TLR5 expression on CD4+ T cells was assessed by real-time reverse-transcriptase polymerase chain reaction (RT-PCR). Wildtype (WT) or TLR5-deficient (5−/−) CD4+ T conventional cells (Tconv) and T regulatory cells (Treg) were compared for their ability to induce and suppress T cell transfer colitis, respectively. In addition, the role of TLR5 expression in recipient mice was analyzed.
TLR5 is preferentially expressed on mouse Treg compared to Tconv, although expression levels were low. The colitogenic capacity of WT and 5−/− Tconv was found to be similar and Treg from WT or 5−/− donor animals both prevented T cell transfer colitis in TLR-competent hosts. TLR5 deficiency in recipient mice, however, did affect the disease process, as T cell receptor-β (TCRβ) 5−/− recipients had decreased weight loss compared to TCRβ recipient mice when WT Tconv were used.

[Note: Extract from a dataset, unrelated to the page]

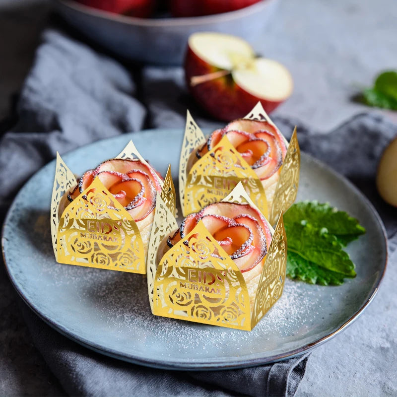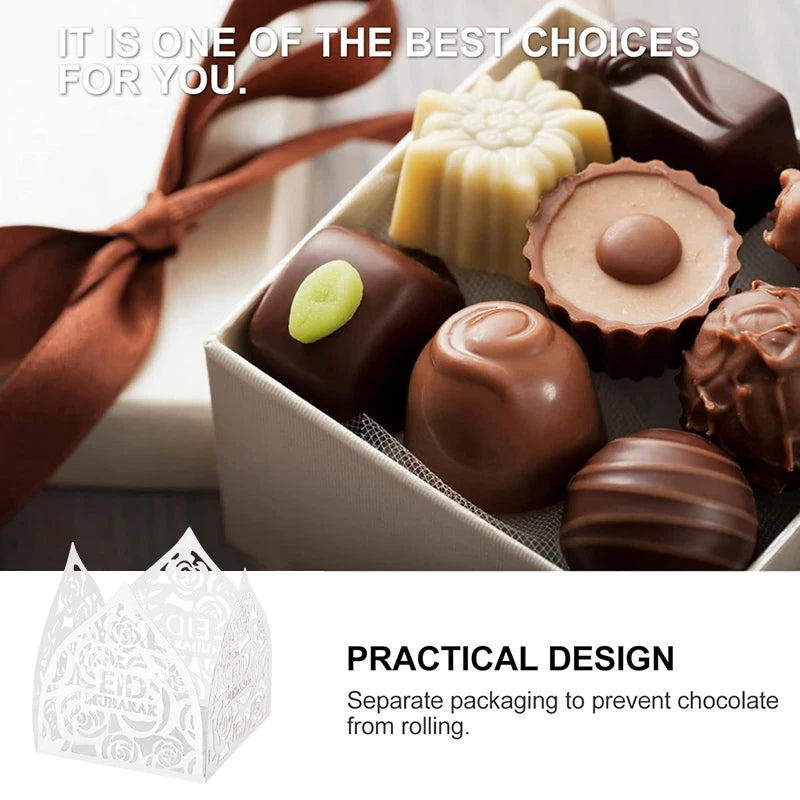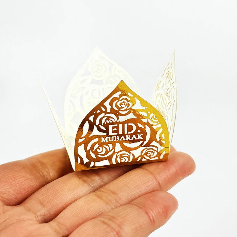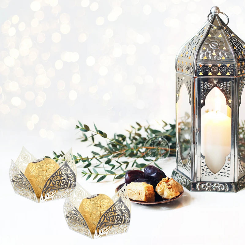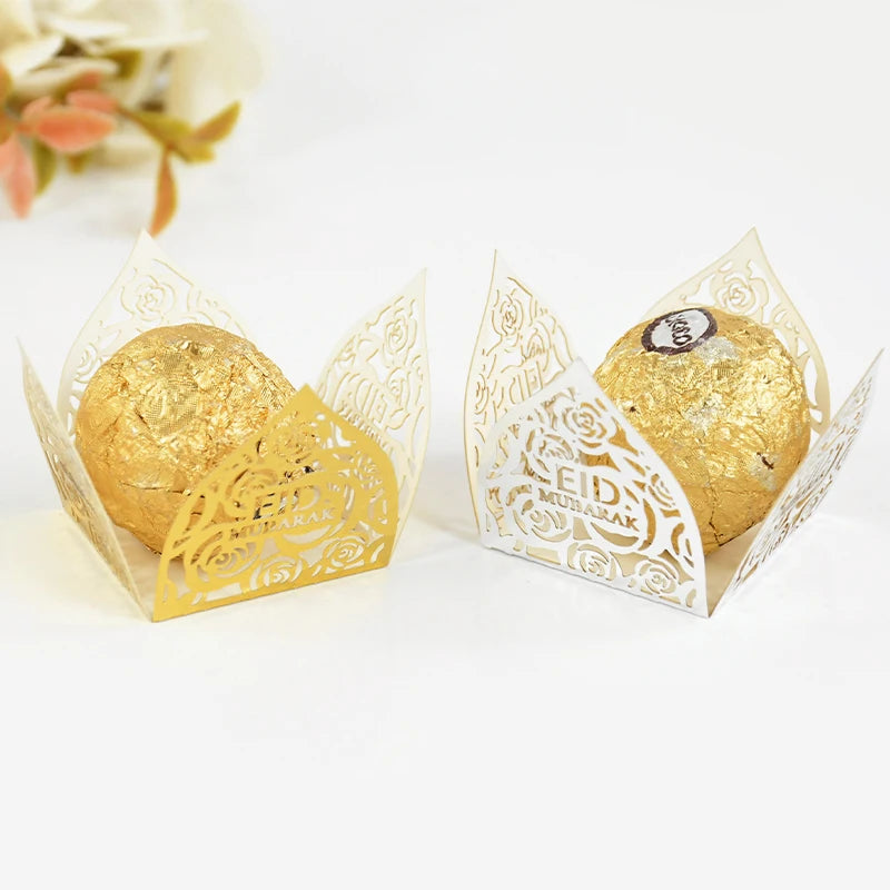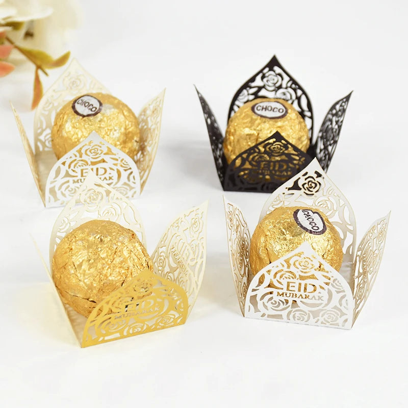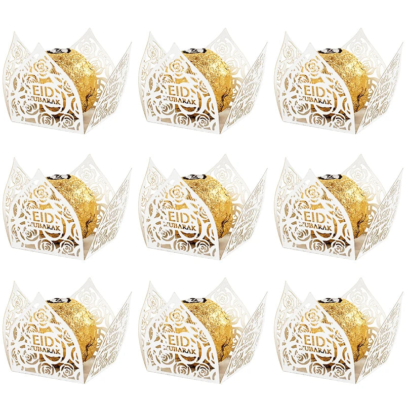 Eid Mubarak Decoration Chocolate Wrappers Paper Candy Enhance your Ramadan celebrations. Available in packs of 10-50, these wrappers add a festive touch to your sweets, making them perfect for your Eid celebrations. Bring joy to your loved ones with this Ramadan Kareem Party Supply.

TLR5 expression on T cells is not required for induction of or protection from T cell-dependent colitis. Expression of TLR5 in non-T cells has a pathogenic role, since TLR5 deficiency in recipient mice protects against weight loss induced by WT T cells. (Inflamm Bowel Dis 2011;)
Ulcerative colitis (UC) and Crohn's disease (CD), the two forms of human Inflammatory bowel disease (IBD), are inflammatory conditions that affect the gastrointestinal tract and have unclear etiology and no definitive cure.1 Different combinations of genetic and environmental factors have been implicated in the development of IBD. One current mainstream hypothesis is that genetic defects or environmental insults alter gut epithelial and/or immune cell function, predisposing individuals to enhanced exposure and responsiveness of the mucosal immune system to commensal microbiota.2 This abnormal responsiveness then drives ongoing inflammatory destruction of intestinal tissues.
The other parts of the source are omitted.